The key argument from Prosser's lawyers is procedural: Ramamacotti's action of showing iOS 19 features during the FaceTime call was not provoked by Prosser, and therefore Ramamacotti is "fully responsible" for disclosing Apple's alleged trade secrets.

"Regardless of what the media reports, and regardless of what is written in court documents — I have genuinely maintained active communication with Apple since the very beginning of this case"

— John Prosser, in a statement to The Verge, October 2025

The court did not see the logic in this argument at the time: Prosser missed the established deadline for responding to the lawsuit, prompting Apple's lawyers to file for a default judgment, which the court issued in October 2025.

Ramamacotti plays differently

While Prosser avoided procedural steps, his co-defendant chose the opposite tactic. Ramamacotti allowed Apple to conduct a forensic examination of an additional device, agreed to supplement answers to interrogatories, and offered to undergo further deposition.
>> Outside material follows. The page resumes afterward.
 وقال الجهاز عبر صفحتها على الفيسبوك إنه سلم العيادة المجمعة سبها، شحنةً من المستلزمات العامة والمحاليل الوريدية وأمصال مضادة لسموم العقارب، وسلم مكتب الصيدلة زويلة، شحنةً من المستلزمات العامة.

Apple and Ramamacotti have been unofficially discussing a possible settlement since at least October 2024.

In his separate court response, Ramamacotti admitted that he gained access to the iPhone and showed Prosser certain iOS 26 features via FaceTime, but denied any conspiracy. The $650 payment to Prosser's address mentioned in the lawsuit was, according to Ramamacotti, unrelated to their interactions — Prosser, for his part, also denies any payment arrangement.
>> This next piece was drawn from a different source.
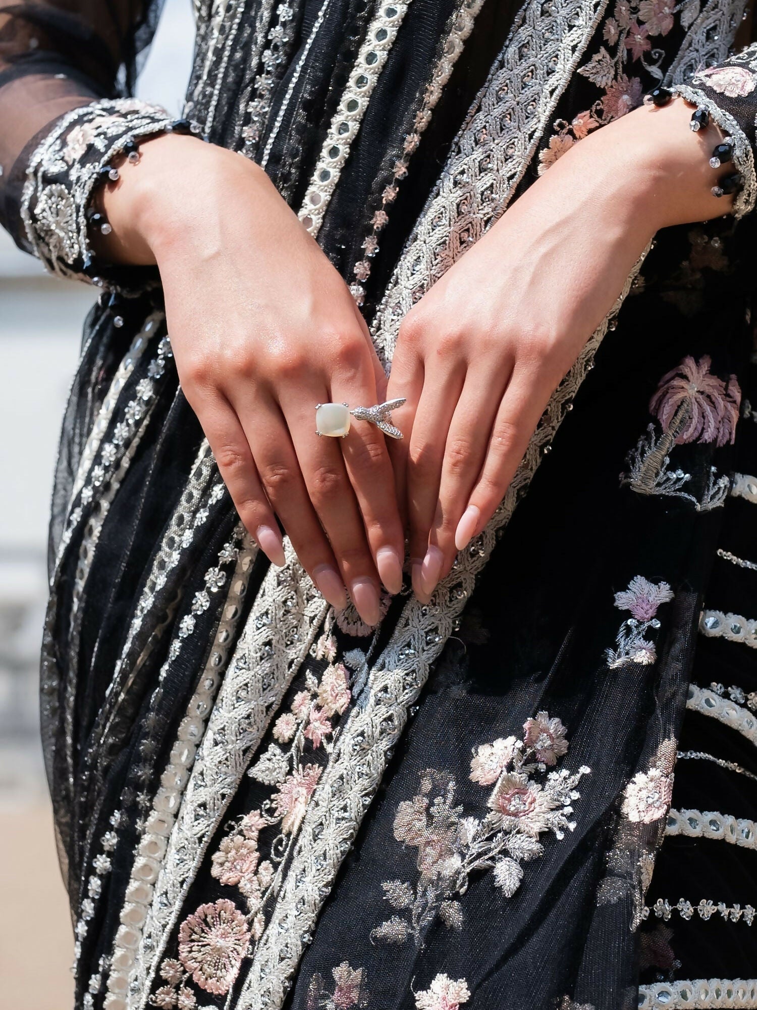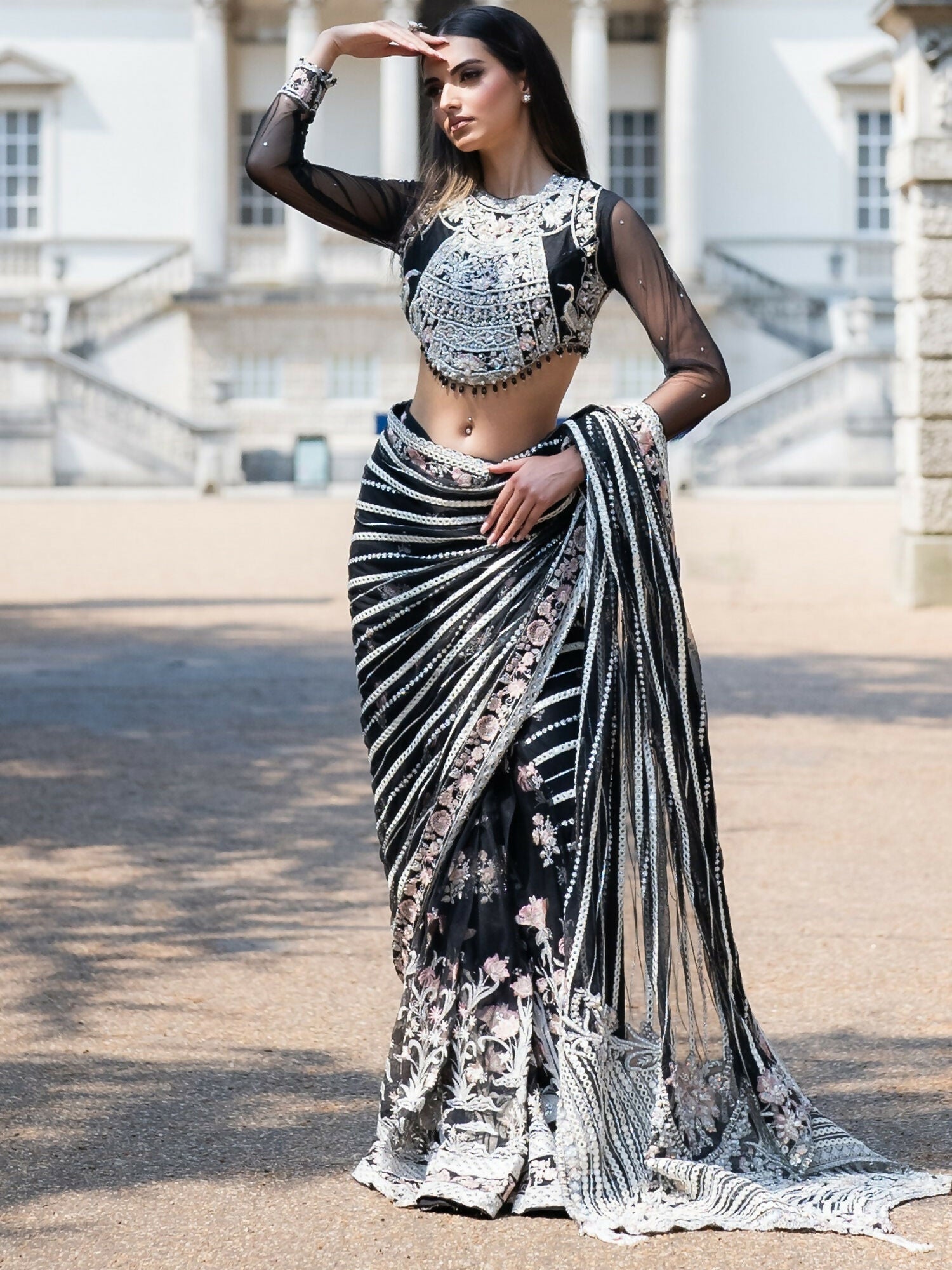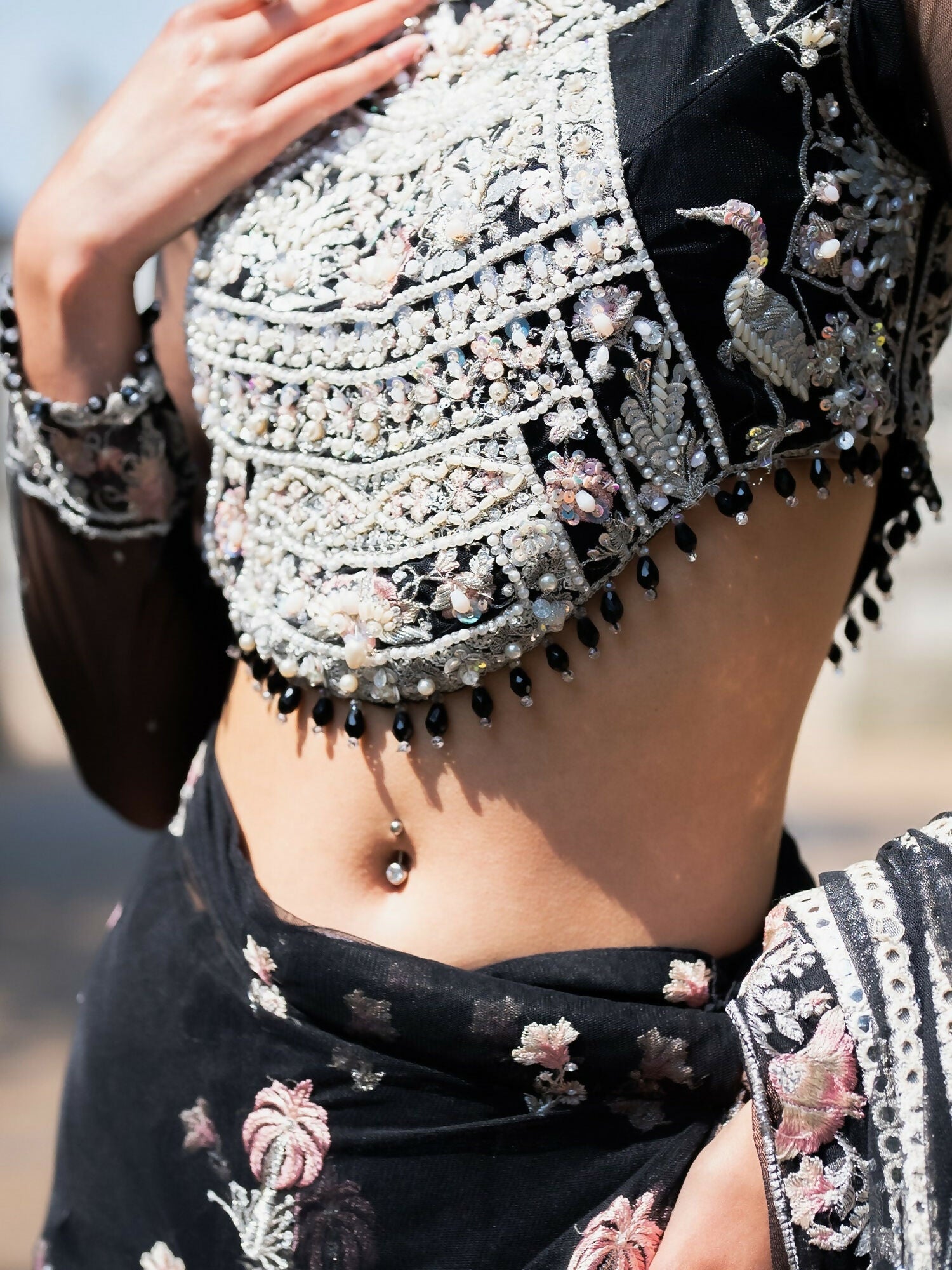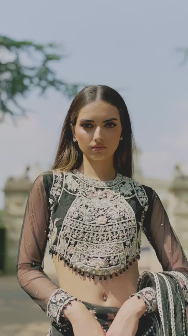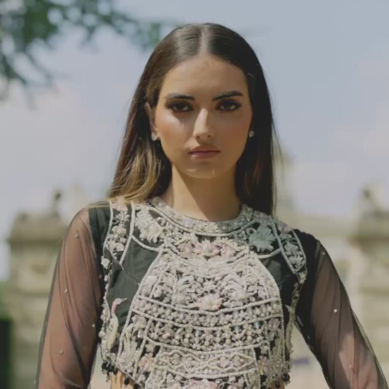 This truly exquisite Saree is a sure head turner this festive season. A rhapsody of black , intricately embellished with delicate classic SH embroidery just aposed with gleaming pearls sequence and panni work, enriched with exquisite crystals. Enhanced with alluring intricate embroideries and hand embellishments.

How Prosser returned to the case

In June 2026, Apple and Prosser jointly petitioned the court to vacate the default judgment against him — provided he submit documents he had not yet provided. The judge granted the motion: the default judgment was vacated, and Prosser was given ten days to file a formal response to Apple's lawsuit.

Thus the official response filed on July 2, 2026, is Prosser's first real procedural step nearly a year after the lawsuit was filed. Prosser denies possessing any of Apple's confidential information in this case that had not already been disclosed to the company.

Why this is more than a dispute between two people

Prosser's case is the first major precedent where Apple sues directly against a public commentator, rather than just an insider. Apple rarely resorts to direct lawsuits, preferring cease-and-desist letters and quiet settlements — but a series of iOS leaks pushed the company toward stricter protection of secrets.

The specific question that the case's outcome will resolve: is viewing someone else's screen via FaceTime sufficient grounds for liability for disclosing a trade secret — if the viewer claims they didn't know what they saw was confidential. If the court answers "yes," the line between technology journalism and industrial espionage will become significantly narrower.